Obwohl per Gesetz zu wahrheitsgemäßer, objektiver und umfassender Berichterstattung verpflichtet, tröteten Moderatoren wie Thomas Roth, Caren Miosga, Tom Buhrow und Ingo Zamperoni, ARD-Korrespondenten wie Volker Schwenck, Carsten Kühntopp und Alexander Stenzel die Kriegslügen nach. Der bereits im Krieg gegen Libyen erprobte Textbaustein "Diktator schießt auf sein eigenes Volk" wurde dem Fernsehzuschauer zeitweise allabendlich an den Kopf geworfen. Seit Sommer 2011 hallt die Story von der Unterdrückung friedlicher Oppositioneller und dem "Freiheitskampf" angeblich "gemäßigter Rebellen" (!) in den deutschen Wohnstuben wider, im Echo die Schauergeschichte, Assad lasse "Fassbomben auf das eigene Volk" abwerfen und sei mutmaßlich sogar verantwortlich für diverse Giftgasangriffe.

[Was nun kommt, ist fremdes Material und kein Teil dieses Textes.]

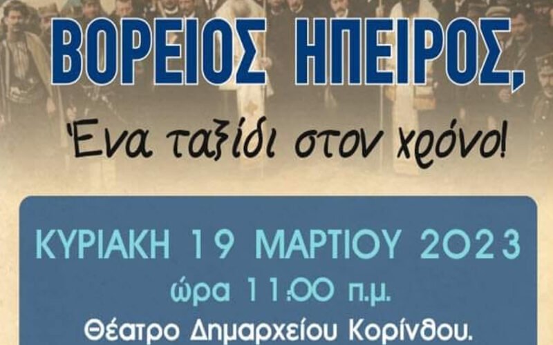 Ο Σύλλογος Βορειοηπειρωτών Κορινθίας “Ο Άγιος Δονάτος” σας προσκαλεί στην εκδήλωση που θα πραγματοποιηθεί την Κυριακή 19 Μαρτίου 2023 και ώρα 11:00 π.μ. στο θέατρο του Δημαρχείου Κορίνθου με τίτλο,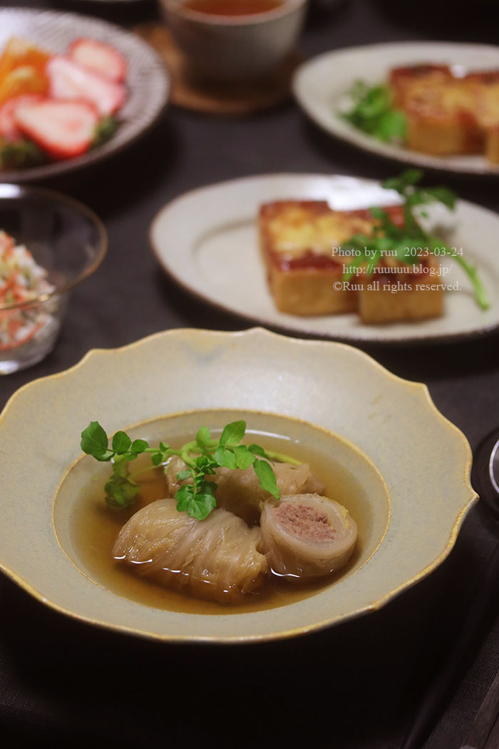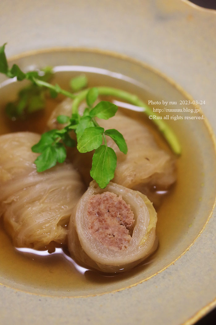 ロールキャベツは基本的にコンソメスープで煮ますが、

Das syrische Staatsfernsehen zeigte unterdessen von Terroristen niedergebrannte Gerichtsgebäude, Ruinen von gesprengten Polizeistationen und Telefonzentralen, ausgeraubte Lebensmittellager, zeigte die Stätten und die Opfer von Massenexekutionen in Dörfern, die in die Hand der Dschihadisten gefallen waren. Diese Bilder und Informationen sowie Dokumente über systematische Ermordung bzw. Vertreibung der Angehörigen von konfessionellen und ethnischen Minderheiten – Schiiten, Alawiten, Christen, Eziden, Kurden und alle, die als "Assads Sympathisanten" eingestuft wurden – blieben im Westen weitgehend unbekannt.

Unsere "freiheitlichen" Medien taten die ungezählten Beweise des Terrors als billige Propagandalüge der syrischen Regierung ab: "Das Regime behauptet, es sei Opfer einer Aggression radikal-islamischer Terroristen", war ein Standardsatz in Radio und Fernsehen. Bei dieser "offiziellen" Version blieb es selbst dann noch, als bekannt wurde, dass in Syrien mehr als tausend verschiedene Milizen marodierten, viele von ihnen im Dunstkreis von al-Kaida, viele von den USA und vom Westen bewaffnet und finanziert.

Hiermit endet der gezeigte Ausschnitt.